Patricia emailed about the cover for book 36 and asked how I was at drawing birds. Rags makes friends with two small parrots, conures, and included a photo. I thought there was something familiar about them. When she mentioned the book The Parrots of Telegraph Hill about a long-standing flock of parrots living wild in Telegraph Hill in San Francisco I remembered the story I’d heard some time recently.
“We’ve had wild parrots similar to this in our area too. I first saw them when I was walking and I heard a horse whinney—in a tree. Yeah—in a tree. I looked around and finally spotted a couple of small parrots mimicking the horses they heard in the area, I guess. Learned that there was quite a band of the little guys in Ojai,” she said.

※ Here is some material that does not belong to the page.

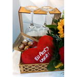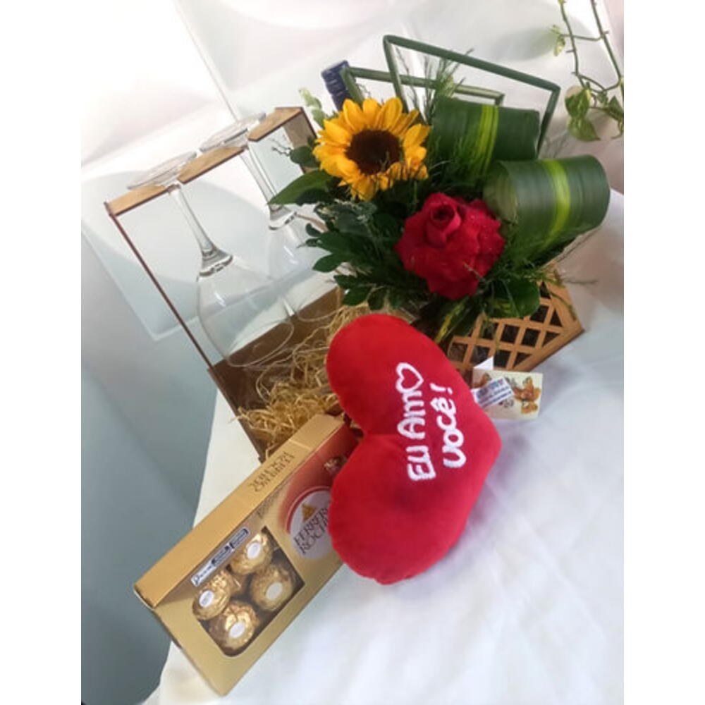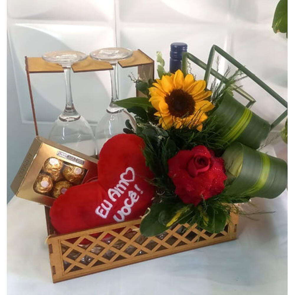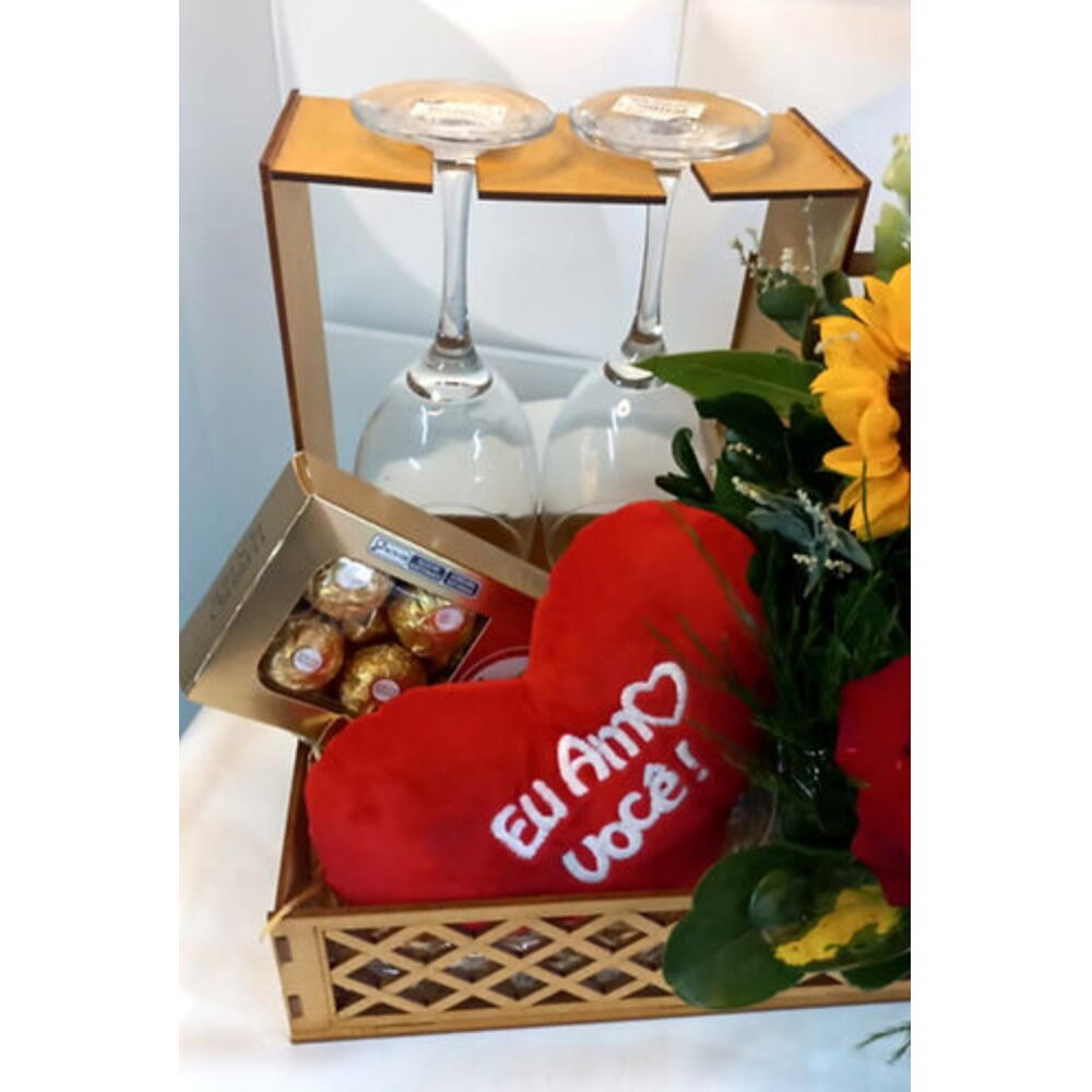 vinho - 1 un. arranjo floral - 1 un. embalagem e laço - 1 un. cesta em mdf - 1 un. taças de cristal - 2 un. caixa de ferrero rocher com 8 - 1 un. coração pelúcia p - 1 un.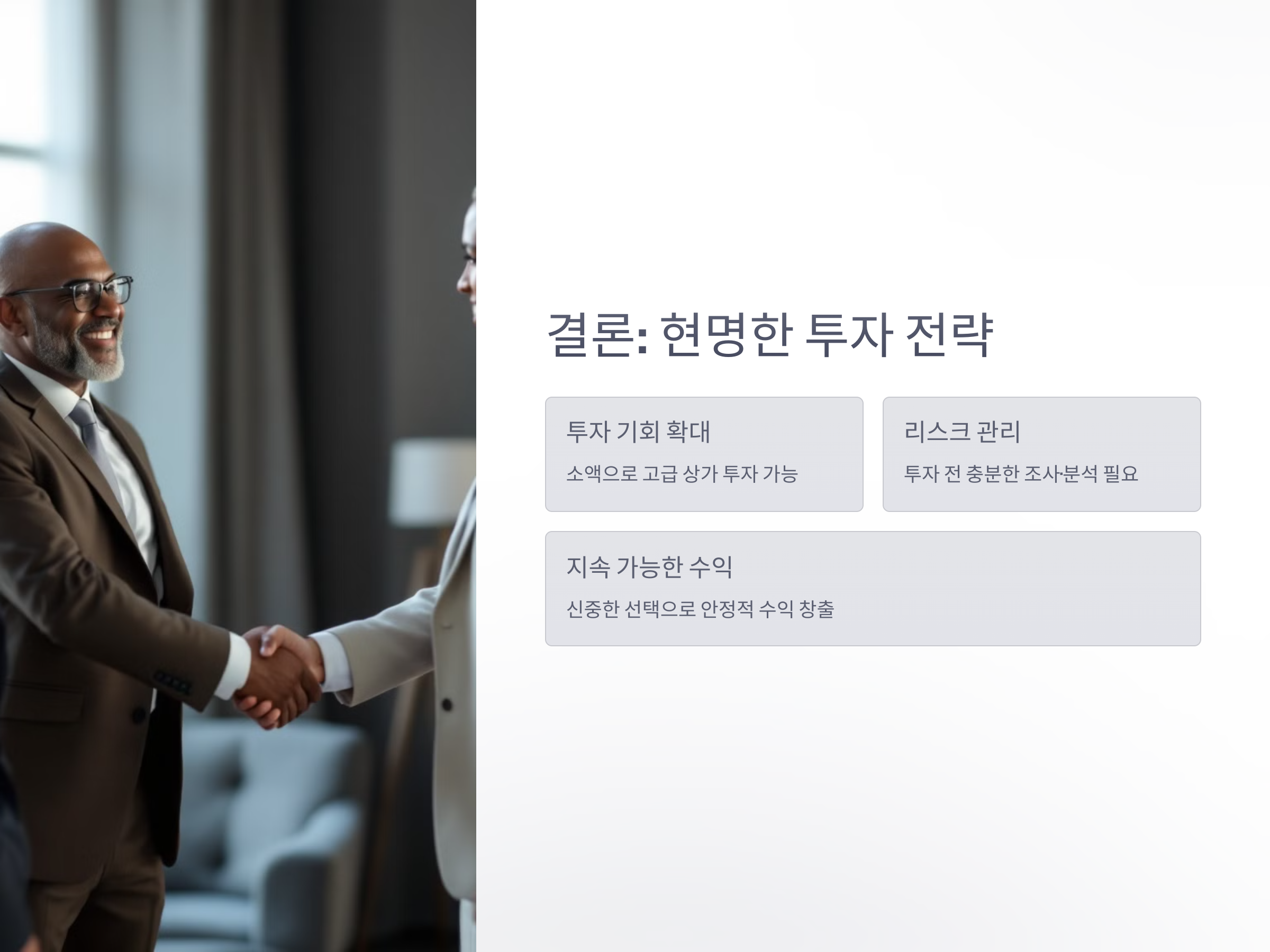 상가 공동투자방식은 여러 투자자들이 힘을 합쳐 자금을 모으고, 상가를 함께 소유하며, 리스크를 분산시키고 수익을 나누는 투자 방법입니다. 이 방식은 큰 자금을 투자하지 않고도 상가에 참여할 수 있는 좋은 기회를 제공하며, 고급 상가나 상업용 부동산에 투자할 수 있는 장점이 있습니다. 또한, 공동투자자는 관리에 대한 부담을 덜고 수익을 얻을 수 있다는 점에서 매우 유리한 방식입니다.

As part of the story, Rags meets a few of these parrots in a park while with Savannah walking on his leash and climbs up in a tree with them. She suggested the illustration could also show him looking at them from the ground below. Either way, the parrots take to him even though he’s a cat so they could be fairly close to him. Later they fly into the car with Savannah and two of them go home with them and Rags also interracts with them in a home environment. At one point, one parrot is riding on Rags’s back—holding onto his harness—in a garden atmosphere, when a hawk attacks.
Wow, that’s a lot of great imagery! But that wasn’t all!
Separate from the parrots, Rags makes friends with a great horned owl who interacts with Rags when he is locked in a small shed with windows, and suggested they could be looking at each other through the window. “Think about it and see what you can conjure up in your mind,” she said.
I’ve visited plenty of wildlife rehabilitation sites and sanctuaries and have many photos of owls, especially, and I knew just the great-horned owl who would fit this illustration. Martha was rescued by The Wildlife Center as part of Humane Animal Rescue (formerly the Animal Rescue League) here in Pittsburgh. Her wing was broken too badly to release her, so she is a demonstration owl at shelter events. I took photos of her a decade ago at one of those events.
And then she added, “Since the title has whisker in it, we might consider a real closeup of Rags’s face with one of the birds nibbling on his long whiskers. Just a thought. You know your craft—what do you think?”
As I mulled over all of this, visualizing this and that and the parrots and the owl and the tree and Rags on his leash, I was thinking that having Rags in the tree would be the easiest way to have him interact with both the parrots and the owl, and the cover would be different from any of the many other covers we’ve produced. So I asked what season it was and what kind of a tree they might all be meeting in.
She liked the the idea of a closeup of Rags and one or two of the small green parrots in the tree. “What do you think about a great horned owl in the background? If it works out. Not crucial.”
Okay, we were on the same track!
And then she sent me a very special photo of “Rags” in a tree. The character Rags is based on her mother’s real-life kitty Smokey. “Oh, oh, I have pictures of Smokey (Rags) in a tree. Let me see if these spark any idea. That’s a strawberry guava that Mama loved—my grandmother gave it to my folks when they built this house. It split in half and died a few weeks after Mama died,” which happened earlier this year.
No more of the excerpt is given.